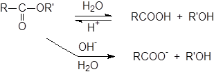 При катализе основаниями, атакующей частицей служит более сильный нуклеофил – OH-группа. Эта реакция носит название омыления и приводит к соли кислоты. Кислоты катализируют реакцию за счет того, что положительный заряд атома углерода карбонильной группы становится больше, и, следовательно, он легче подвергается атаке нуклеофилом. Обе реакции обратимы, и поэтому практической ценностью обладают только тогда, когда равновесия удаётся каким либо образом сместить вправо. А поскольку образование соли – один из таких способов, гидролиз сложных эфиров в препаративных целях почти всегда проводят в щелочных растворах, за исключением тех случаев, когда вещество неустойчиво к действию оснований.
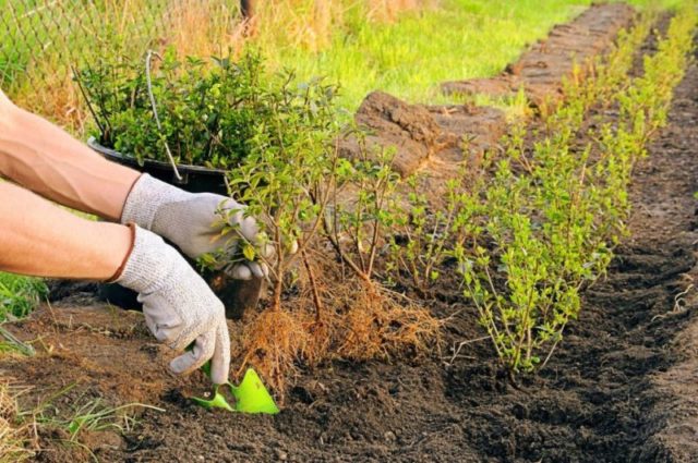 Потопите корење у топлу воду неколико сати пре садње. Испод грма се ископа рупа дубока 50-60 цм, у коју се сипа гомила хранљивог тла (мешавина земље са хумусом). Даље, на овом брду је инсталиран грм, чији су корени исправљени. После тога потребно их је посипати земљом, остављајући коренов врат мало изнад нивоа земље. Земља је збијена и биљка се обилно залива.
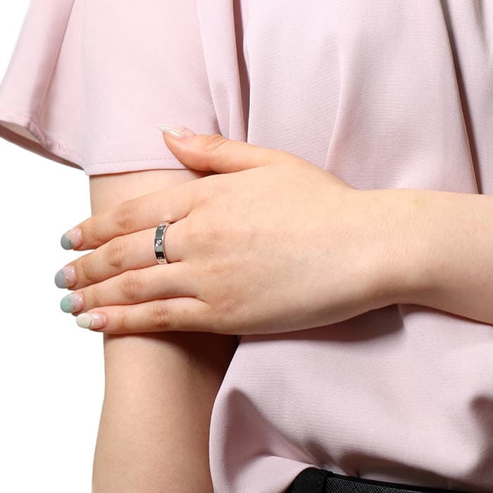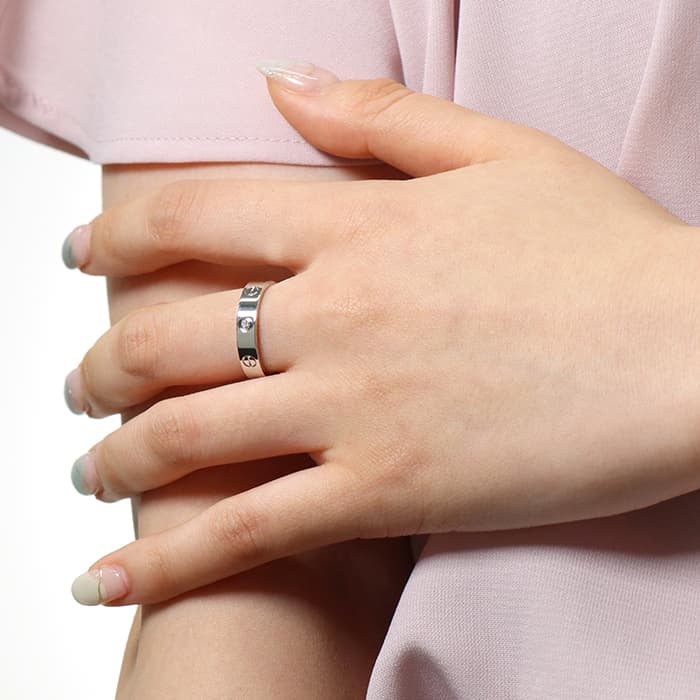 フランスで誕生し世界五大ジュエラーの一角である「カルティエ」。カルティエが手掛ける「束縛」や「愛の絆」をテーマにして作られた「ラブコレクション」は、老若男女問わず不動の人気を博しています。その中でも、「愛を閉じ込める」という意味のビスマークが刻印された「ラグリング」は、ペアリングとして購入される方も非常に多い人気ラインです。こちらのモデルはホワイトゴールド素材。ビス部分には1Pダイヤモンドをあしらった、シンプルながらもしっかりと存在感のある大変オススメの指輪です。
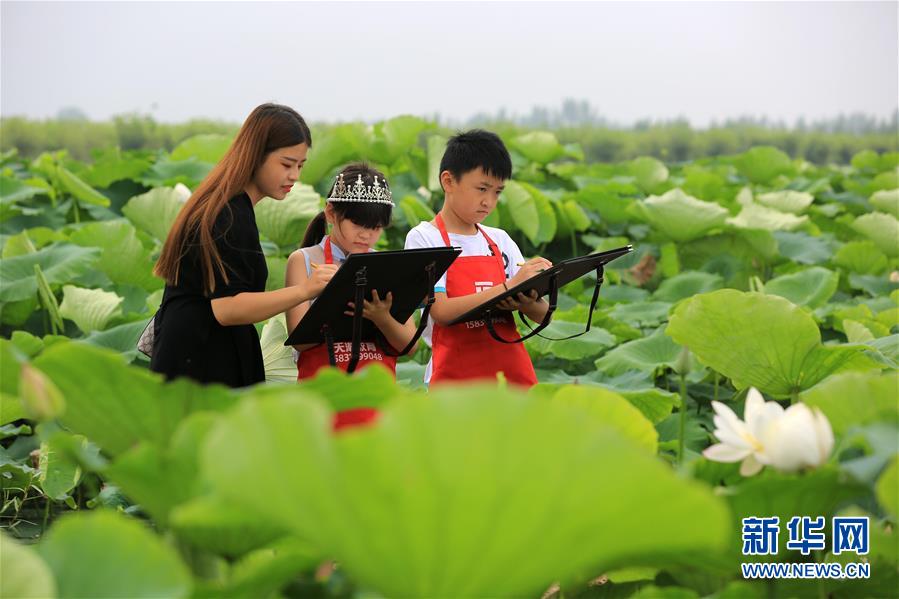 7月3日,游客在曲周縣勝豐蓮藕種植專業(yè)合作社荷塘景區(qū)寫生。時值夏日,河北省曲周縣勝豐蓮藕種植專業(yè)合作社荷塘景區(qū)的荷花競相綻放,吸引眾多游人前來觀光游覽。新華社記者 王曉 攝
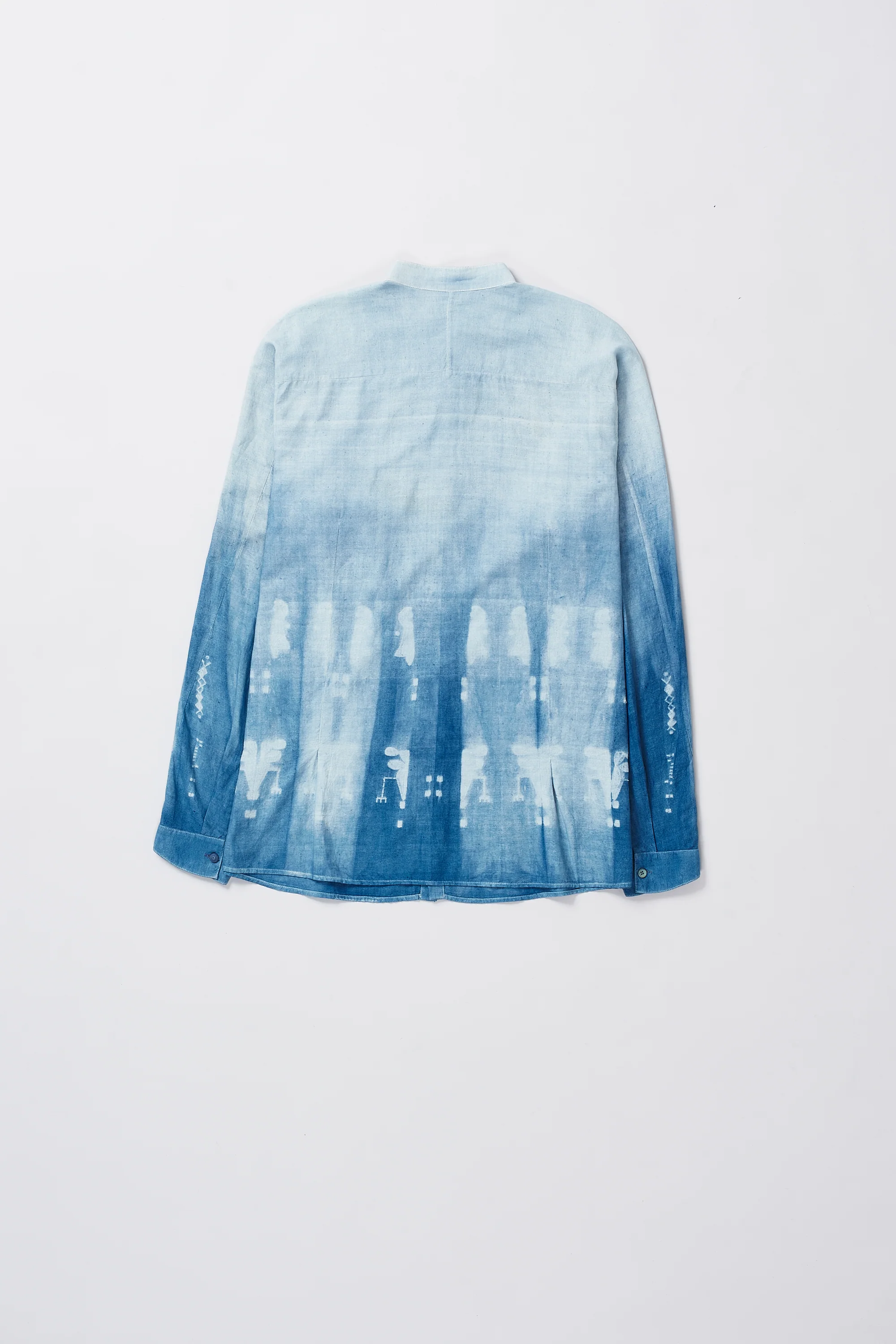 A reimagined classic men's shirt with engineered sleeves and an accentuated cuff. Crafted with fine handwoven basket weave cotton, punctuated with a unique pattern of shibori motifs and ombre dyed in medium indigo.

- - - - - - -

# EXERCISE OBJECTIVE:
Exactly the lines from the one that contains "Потопите корење у" through the last line of the records should be set down, and the pictures should be dropped.

# RESULT OF THE TASK:
 Потопите корење у топлу воду неколико сати пре садње. Испод грма се ископа рупа дубока 50-60 цм, у коју се сипа гомила хранљивог тла (мешавина земље са хумусом). Даље, на овом брду је инсталиран грм, чији су корени исправљени. После тога потребно их је посипати земљом, остављајући коренов врат мало изнад нивоа земље. Земља је збијена и биљка се обилно залива.
 フランスで誕生し世界五大ジュエラーの一角である「カルティエ」。カルティエが手掛ける「束縛」や「愛の絆」をテーマにして作られた「ラブコレクション」は、老若男女問わず不動の人気を博しています。その中でも、「愛を閉じ込める」という意味のビスマークが刻印された「ラグリング」は、ペアリングとして購入される方も非常に多い人気ラインです。こちらのモデルはホワイトゴールド素材。ビス部分には1Pダイヤモンドをあしらった、シンプルながらもしっかりと存在感のある大変オススメの指輪です。
 7月3日,游客在曲周縣勝豐蓮藕種植專業(yè)合作社荷塘景區(qū)寫生。時值夏日,河北省曲周縣勝豐蓮藕種植專業(yè)合作社荷塘景區(qū)的荷花競相綻放,吸引眾多游人前來觀光游覽。新華社記者 王曉 攝
 A reimagined classic men's shirt with engineered sleeves and an accentuated cuff. Crafted with fine handwoven basket weave cotton, punctuated with a unique pattern of shibori motifs and ombre dyed in medium indigo.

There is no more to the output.